The input.
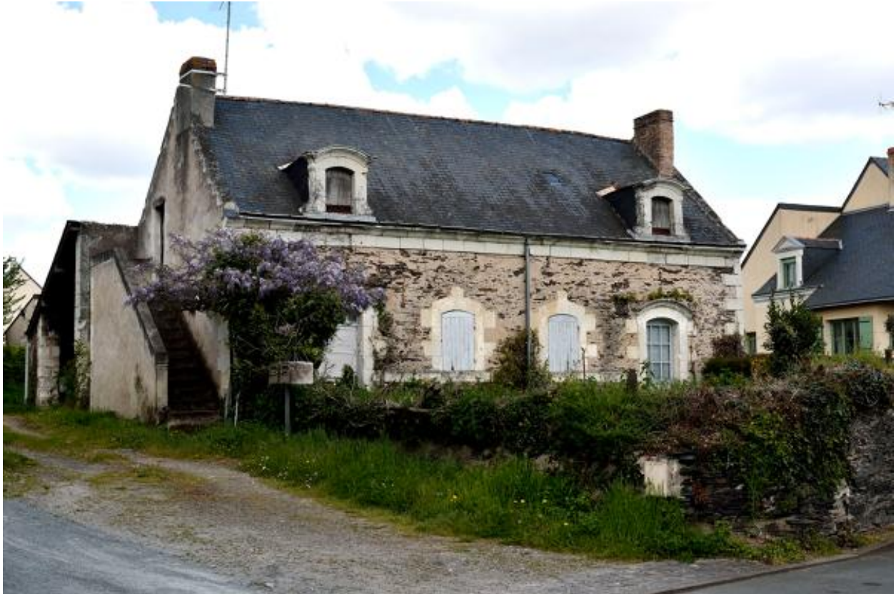
Vue du 24 route de Port-Thibault.
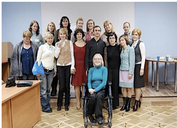
Більше 100 жінок після відвідування тренінгів були готові розпочати власний бізнес

У рамках проекту ЄС-МБП «Рівність жінок і чоловіків у світі праці» впродовж 2010 року Ресурсним центром ГУРТ у 12 областях України були проведені тренінги за програмою «Розпочни і вдосконалюй свій бізнес», участь у яких взяли більше 700 учасниць. До участі в тренінгах запрошувались жінки, які нещодавно започаткували свій бізнес або планували це зробити незабаром. Розроблена Міжнародним бюро праці (МБП) тренінгова програма «Розпочни і вдосконалюй свій бізнес» впроваджувалася за стандартами МБП досвідченими тренерами, сертифікованими МБП.
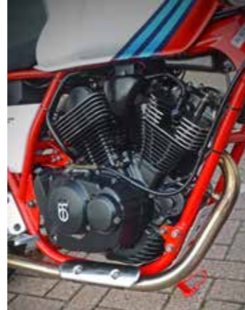
Een V-twin is het kloppende hart in de BTC
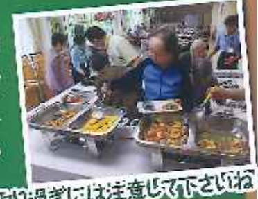
取り過ぎには注意して下さいね!!

15日の恒例になっている昼食バイキング。この日のメニューはおにぎり・鶏そぼろ丼・南蛮漬け・オムレツ・かぼちゃ煮・田楽・春菊のごま和え・若竹汁・フルーツでした。好きな物を好きなだけというだけあって、ほとんどの方は全種類取って残さず食べられており、皆様の胃袋には驚かされました。
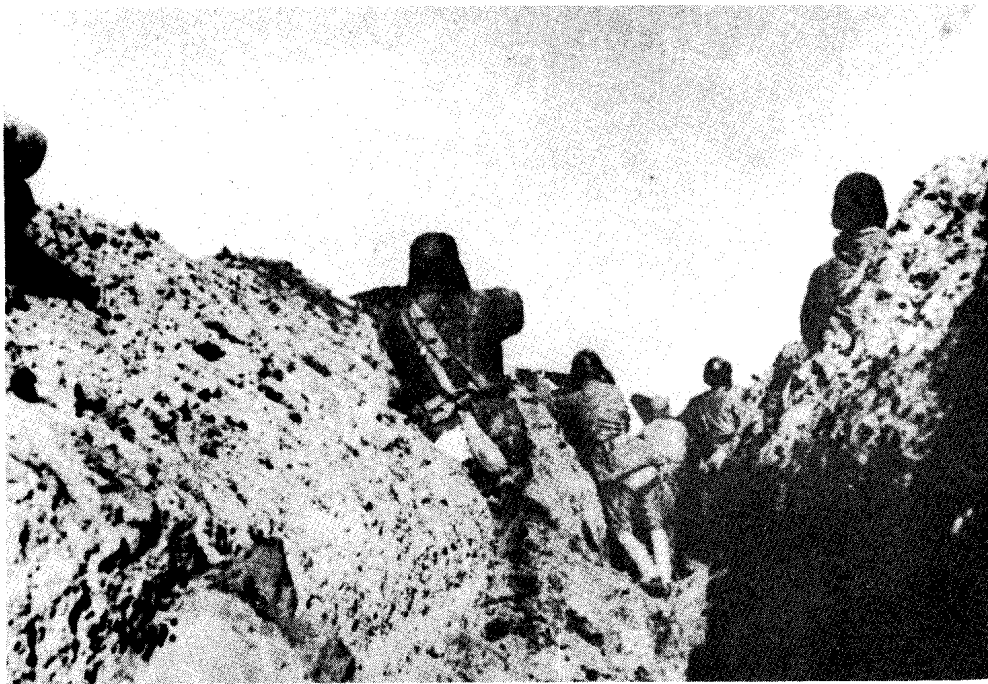
华野某部徐东阻击阵地一角。
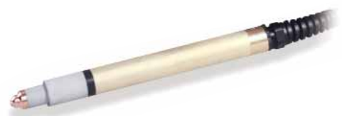
Механизированный резак T100M
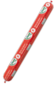
Sucuk Büfe 500 gr.
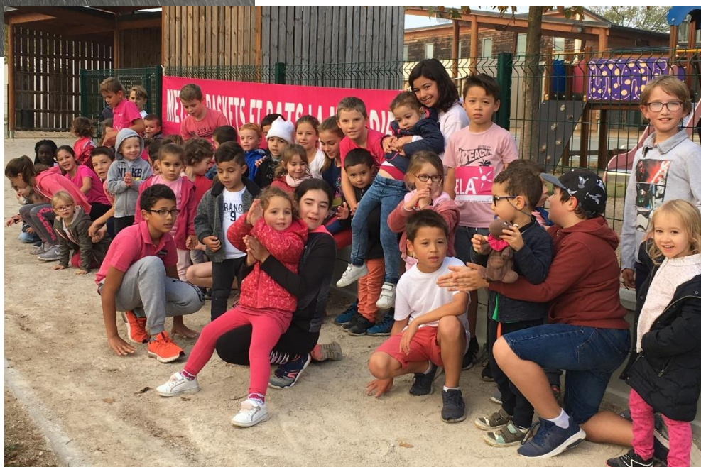
Chacun à son rythme !
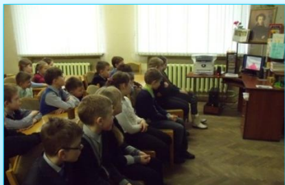
Літаратурная гадзіна да 185-годдзя “Казкі пра папа і яго работніка Балду” А.С. Пушкіна

У 2015 годзе літаратурная гадзіна ў клубе была прысвечана 185-годдзю з часу напісання твора Аляксандра
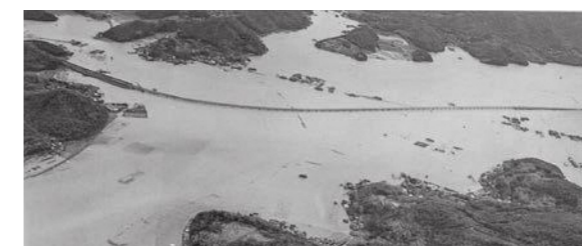
平成2年9月台風19号による被害（邑久町尾張・本庄地区）

東日本大震災では、自宅にいる家族とともに避難しようとして、地震発生後に勤務先や外出先からいったん自宅（津波の浸水域）に戻るといった行動が確認されています。
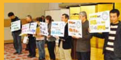
設立10周年記念フォーラム(2011年)
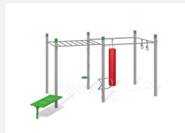
SWC.4953 HIT Training 953
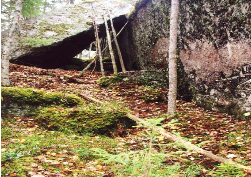
Bild 1. Rakt fram ser vi Bakugnen (Raä 38) och det takade rummet. Lägga märke till den av alg, lav och mossa beväxta hållen till höger i bilden. Det parti vilket skonsamt befriades från detta syns som ett närmast vågrätt fält. Hällmålningen kan anas till höger om trädstammen.
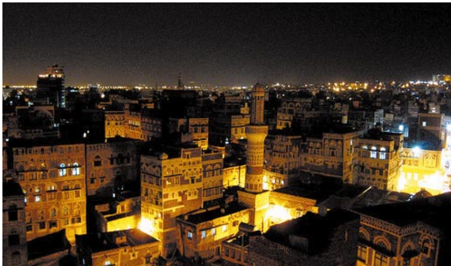
صنعاء في ليلة رمضانية
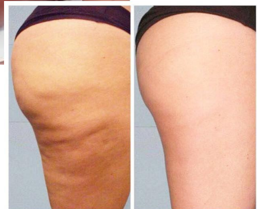
5 TRAITEMENTS KUMA SHAPE
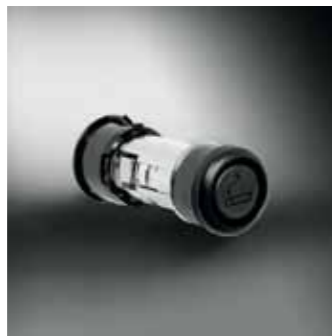
2.2 Прикуриватель 39400-59J10-000
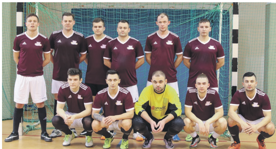
ŁKS Łęknica
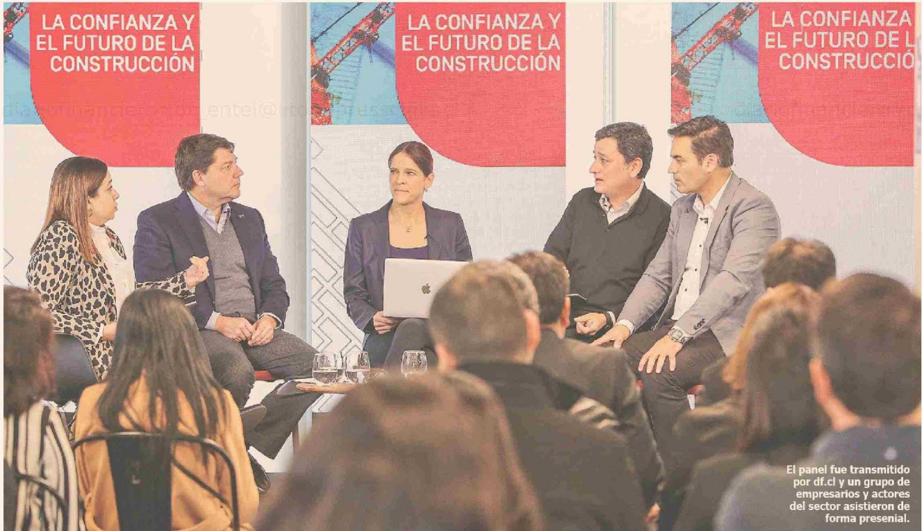
El panel fue transmitido por df.cl y un grupo de empresarios y actores del sector asistieron de forma presencial.

Exercise requirements.
Reproduce each line of the records above, exactly and without pictures.

Reply.
Vue du 24 route de Port-Thibault.
Більше 100 жінок після відвідування тренінгів були готові розпочати власний бізнес

У рамках проекту ЄС-МБП «Рівність жінок і чоловіків у світі праці» впродовж 2010 року Ресурсним центром ГУРТ у 12 областях України були проведені тренінги за програмою «Розпочни і вдосконалюй свій бізнес», участь у яких взяли більше 700 учасниць. До участі в тренінгах запрошувались жінки, які нещодавно започаткували свій бізнес або планували це зробити незабаром. Розроблена Міжнародним бюро праці (МБП) тренінгова програма «Розпочни і вдосконалюй свій бізнес» впроваджувалася за стандартами МБП досвідченими тренерами, сертифікованими МБП.
Een V-twin is het kloppende hart in de BTC
取り過ぎには注意して下さいね!!

15日の恒例になっている昼食バイキング。この日のメニューはおにぎり・鶏そぼろ丼・南蛮漬け・オムレツ・かぼちゃ煮・田楽・春菊のごま和え・若竹汁・フルーツでした。好きな物を好きなだけというだけあって、ほとんどの方は全種類取って残さず食べられており、皆様の胃袋には驚かされました。
华野某部徐东阻击阵地一角。
Механизированный резак T100M
Sucuk Büfe 500 gr.
Chacun à son rythme !
Літаратурная гадзіна да 185-годдзя “Казкі пра папа і яго работніка Балду” А.С. Пушкіна

У 2015 годзе літаратурная гадзіна ў клубе была прысвечана 185-годдзю з часу напісання твора Аляксандра
平成2年9月台風19号による被害（邑久町尾張・本庄地区）

東日本大震災では、自宅にいる家族とともに避難しようとして、地震発生後に勤務先や外出先からいったん自宅（津波の浸水域）に戻るといった行動が確認されています。
設立10周年記念フォーラム(2011年)
SWC.4953 HIT Training 953
Bild 1. Rakt fram ser vi Bakugnen (Raä 38) och det takade rummet. Lägga märke till den av alg, lav och mossa beväxta hållen till höger i bilden. Det parti vilket skonsamt befriades från detta syns som ett närmast vågrätt fält. Hällmålningen kan anas till höger om trädstammen.
صنعاء في ليلة رمضانية
5 TRAITEMENTS KUMA SHAPE
2.2 Прикуриватель 39400-59J10-000
ŁKS Łęknica
El panel fue transmitido por df.cl y un grupo de empresarios y actores del sector asistieron de forma presencial.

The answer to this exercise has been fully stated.